As it turns out, a major upheaval in Mildred’s life (she gives her hubby the heave-ho when he can’t stop paying visits to their attractive neighbor) turns out to be a blessing in disguise. After working for a while as a waitress, she gets the bright idea to start a restaurant, and it turns into success beyond her wildest imaginings.
So where’s the noir? I guess I left out a couple of important details. First off, the film opens with the murder of a handsome, mustachioed man who, after having his body riddled with bullets, says just one word: “Mildred.” And after a mink-coated Mildred is detained by police for questioning, we’re introduced to a flashback (complete with a noiresque voiceover and scenes painted with contrasting lights and shadows) that lasts almost the entire film.
As the single mom who displays the strength to send her wayward husband packing, and both the intelligence and the determination to create a restaurant empire, Mildred is undoubtedly a woman with which to be reckoned. But one of the (many) things I love about this film is that she isn’t the only standout femme. There’s Ida (played by the always fabulous Eve Arden), who was Mildred’s manager when she worked as a waitress and then left her job to work for Mildred when she opened her first restaurant. She’s the kind of friend everybody would want to have and to be – loyal, supportive, honest, and a blast to be around.

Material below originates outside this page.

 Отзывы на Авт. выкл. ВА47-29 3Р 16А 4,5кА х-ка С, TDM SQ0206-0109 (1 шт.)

And then there’s Mildred’s daughter, Veda who, while undeniably avaricious and self-centered, possessed an admirable ability to land on her feet and use her considerable wiles to get her way – even if those wiles were used to gain less than admirable ends.

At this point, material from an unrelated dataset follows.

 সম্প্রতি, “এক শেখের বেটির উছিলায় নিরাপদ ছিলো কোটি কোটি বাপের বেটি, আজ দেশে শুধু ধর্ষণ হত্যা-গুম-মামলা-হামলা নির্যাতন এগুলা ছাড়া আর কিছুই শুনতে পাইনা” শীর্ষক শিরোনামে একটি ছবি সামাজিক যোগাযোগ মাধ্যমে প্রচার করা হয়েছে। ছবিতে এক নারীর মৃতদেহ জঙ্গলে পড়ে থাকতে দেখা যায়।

Mildred Pierce is one of the movies I’ve seen most often – I have it on VHS, DVD, and BluRay, and I’ll still watch it every time it comes on TV. Whether you’ve never seen it, or you haven’t seen it in a while, treat yourself, track it down, and revel in this first-rate dame name noir.
– Karen Burroughs Hannsberry for Classic Movie Hub
Karen Burroughs Hannsberry is the author of the Shadows and Satin blog, which focuses on movies and performers from the film noir and pre-Code eras, and the editor-in-chief of The Dark Pages, a bimonthly newsletter devoted to all things film noir. Karen is also the author of two books on film noir – Femme Noir: The Bad Girls of Film and Bad Boys: The Actors of Film Noir. You can follow Karen on Twitter at @TheDarkPages.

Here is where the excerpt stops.